Automated sleep staging of OSAs based on ICA preprocessing and consolidation of temporal correlations.

Somayeh Raiesdana1.   

Abstract

An automated sleep staging based on analyzing long-range time correlations in EEG is proposed. These correlations, indicating time-scale invariant property or self-similarity at different time scales, are known to be salient dynamical characteristics of stage succession for a sleeping brain even when the subject suffers a destructive disorder such as Obstructive Sleep Apnea (OSA). The goal is to extract a set of complementary features from cerebral sources mapped onto the scalp electrodes or from a number of denoised EEG channels. For this purpose, source localization/extraction and noise reduction approaches based on Independent Component Analysis were used prior to correlation analysis. Feature extracted segments were then classified in one of the five classes including WAKE, STAGE1, STAGE2, SWS and REM via an ensemble neuro-fuzzy classifier. Some techniques were employed to improve the classifier's performance including Scaled Conjugate Gradient Method to speed up learning the ANFIS classifiers, a pruning algorithm to eliminate irrelevant fuzzy rules and the 10-fold cross-validation technique to train and test the system more efficiently. The performance of classification for two strategies including (1) feature extraction from effective cerebral sources and (2) feature extraction from selected channels of denoised EEG signals was compared and contrasted in terms of training errors and test accuracies.
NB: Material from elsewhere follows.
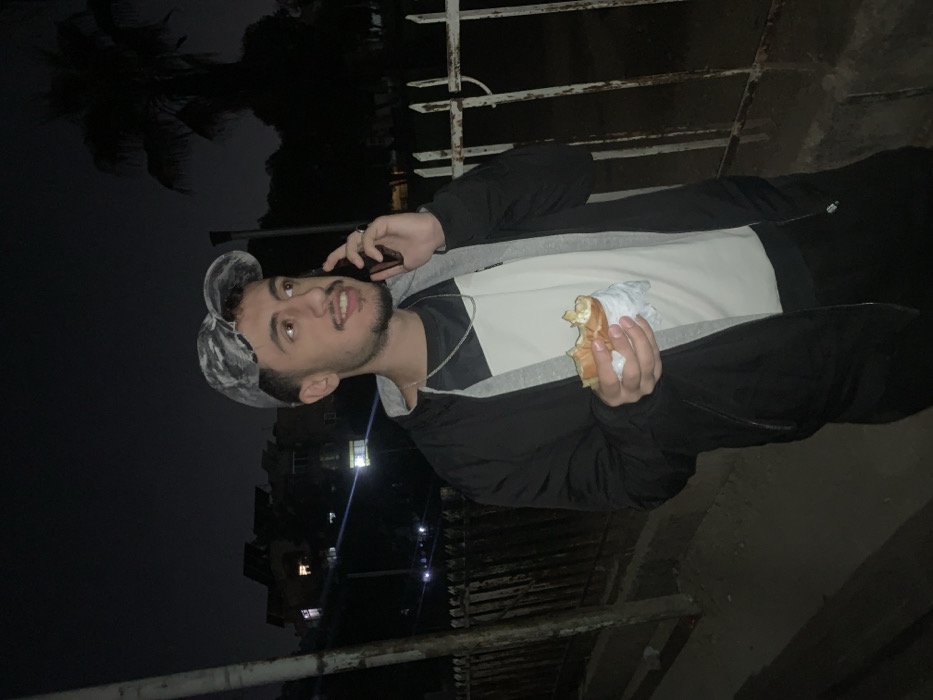 The image portrays a young adult male standing outdoors at night in Barza Municipality, Syria

The first and second strategies achieved 92.23 and 88.74% agreement with human expert respectively which indicates the effectiveness of the staging system based on cerebral sources of activity. Our results further indicate that the misclassification rates were almost below 10%. The proposed automated sleep staging system is reliable due to the fact that it is based on the underlying dynamics of sleep staging which is less likely to be affected by sleep fragmentations occurred repeatedly in OSA.

Entities:  

Keywords:  Independent components; Long range temporal correlation; Multifractal analysis; Neuro-fuzzy classifier; Obstructive Sleep Apnea; Sleep staging

Mesh:

Year:  2018        PMID: 29423558     DOI: 10.1007/s13246-018-0624-0

Source DB:  PubMed          Journal:  Australas Phys Eng Sci Med        ISSN: 0158-9938            Impact factor:   1.430


  1 in total

1.  Key Feature Extraction Method of Electroencephalogram Signal by Independent Component Analysis for Athlete Selection and Training.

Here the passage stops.